A quiet war is being waged in parks and primary schools across Australia against a once beloved piece of play equipment.
Proponents say they encourage children to play outside in an age dominated by screens and video games, build upper body strength, balance, risk management and resilience. But those who want to see them replaced say they are among the leading causes of childhood accidents and can lead to traumatic injuries.
Arlo (8) and Mina (4) love the monkey bars at their local park in Footscray. Credit:Chris Hopkins
They may be one of the least flashy bits of hardware on the playground, but the reputation of the humble monkey bars is under siege.
Lisa Sharwood, an injury epidemiologist at the University of Sydney, said despite playground safety standards improving, monkey bar injuries were on the rise in Victoria.
Dr Sharwood has worked with Monash University’s Victorian Injury Surveillance Unit on research to be published in coming months which found a 41 per cent increase in emergency department presentations in Victoria as a result of monkey bar injuries over the past decade.
"There were a total of 14,167 monkey bar related Emergency Department presentations – with 81 per cent in the five to nine-year-old age group," she said.
"There have been 6430 hospital admissions over this same time period as a result of the injuries sustained on monkey bars. Most of these will be fractures – upper limb and ankle, and many will have required surgery."
Another expert is is leading the charge for an end to the age of the monkey bar.
David Eager, professor of risk management at the University of Technology Sydney, has chaired Standards Australia's playground equipment and surfacing committee for a decade.
Professor Eager is a man with considered opinions on monkey bars – and decades of research to back those opinions up.
"They are, if not the most dangerous, they are up there in the top contributors to injuries," he said.
Professor Eager does not want to see risk removed from playgrounds. On the contrary, he thinks exposing children to risk is vital in raising well-balanced and happy kids. But monkey bars, he said, are a hazard.
"Monkey bars were OK when I was a kid 60 years ago, but they’re not an appropriate form of play equipment in 2018," Professor Eager said.
The playground guru wants monkey bars replaced with space nets, the 3D rope structures which have been popping up in playgrounds like spider webs.
For decades, people such as Professor Eager have waged war against the monkey bars of yore: the old school ones which soared metres above bone-breaking concrete, wide gaps yawning between metal bars, often baking in the sun.
The Standards Australia's committee sets the standards, which have seen monkey bars become lower to the ground, more compact, the surface beneath them softer (bark mulch more than 40 centimetres thick is recommended).
Playground safety advocates say space nets better hold large numbers and break the fall of children who come off them.Credit:Peter Hardin
But in recent years his committee has been advocating space nets, which break children's falls, rather than monkey bars, which don't. Professor Eager said where monkey bars had been replaced, injury rates had fallen.
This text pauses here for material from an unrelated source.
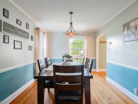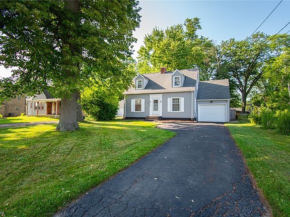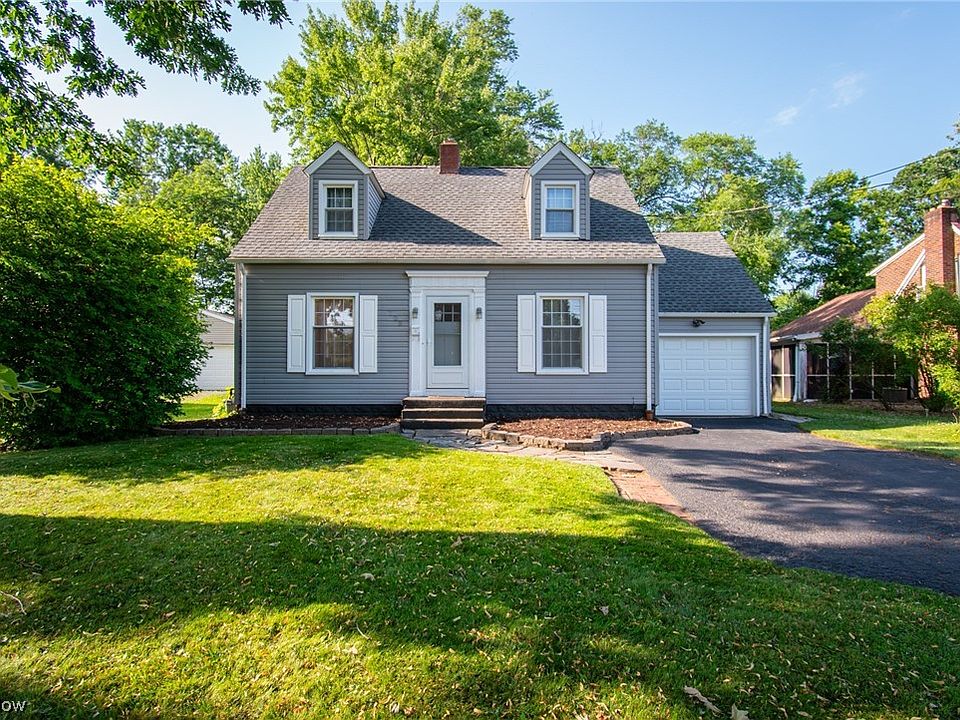 Welcome to this charming cape cod in the heart of Boardman Township! Conveniently located and with no houses across the road, this well maintained home is situated on a large lot with serene surroundings. Entering through the front door, you'll find the dining room to the right and the living room to the left, both with beautiful hardwood floors. The spacious living room has a gas fireplace and lovely natural lighting! Through the living room is the first floor half bathroom, as well as the huge, carpeted bonus room. Completing the first floor is the kitchen, with ceramic tile floors, tons of cabinets for storage, and all appliances included. The second floor features three large bedrooms with sizeable closets, and a full bathroom. The basement is partially finished with ceramic tile flooring and glass block windows, which makes a great additional living area for a rec room, playroom, gym, etc. The backyard oasis features a new, two-tier wooden deck, a shed with electric, and a

"Most councils and schools have been pulling [monkey bars] out and replacing them with spatial nets … [but] not as quickly as we'd like," he said.
All the while, playgrounds have been sending a steady stream of injured children to the doctors.
On Thursday, Macquarie University Associate Professor Rebecca Mitchell addressed a National Kidsafe symposium in Sydney on the "orthopaedic trauma of playground falls".
The centre for Healthcare Resilience and Implementation researcher's findings came from a 10-year analysis of childhood hospitalisation in Australia.
In the decade up to 2012, 56,723 children went to hospital after a playground fall. Of those, 80 per cent were considered minor injuries, such as fractured arms, 17 per cent moderate (such as fractured femur) and 2 per cent were serious injuries, such as brain trauma.
Boys were only slightly more likely to be injured (54 per cent) and the most injury-prone age bracket were the 6 to 10 year olds.
Trampolines and "playground climbing apparatus" each accounted for about one third of those trips to the hospital.
"Falls are one of the biggest causes of hospitalisation for children … then road transport," Ms Mitchell said.
"Of the falls, falls from playground equipment are the most common."
While there is no specific data on monkey bars, her work names and shames "horizontal climbing equipment".
But at least one person who broke their arm on a monkey bar does not blame the equipment.
"I've been a victim of the monkey bars!," Parents Victoria executive officer Gail McHardy said.
"But that wasn't the monkey bars fault, that was because of another little boy … I remember his name well."
Ms McHardy doesn't want to see monkey bars go, she said children needed to have the opportunity to ramble, climb and take risks in a controlled environment.
Which is where everyone agrees. It's just Professor Eager thinks "nets do it much much better".
"Monkey bars are just so popular at lunchtime and recess kids are fighting for them, jostling for position – it’s one of the contributing factors to injuries," he said.
"Spatial nets get 50 odd kids on them and still seem to be saying, ‘Have you got any more you can give me?’"
So while children will keep on climbing, the humble monkey bar may soon join the see-saw and the metal merry-go-round in the playground history books, while play equipment enters the space net age.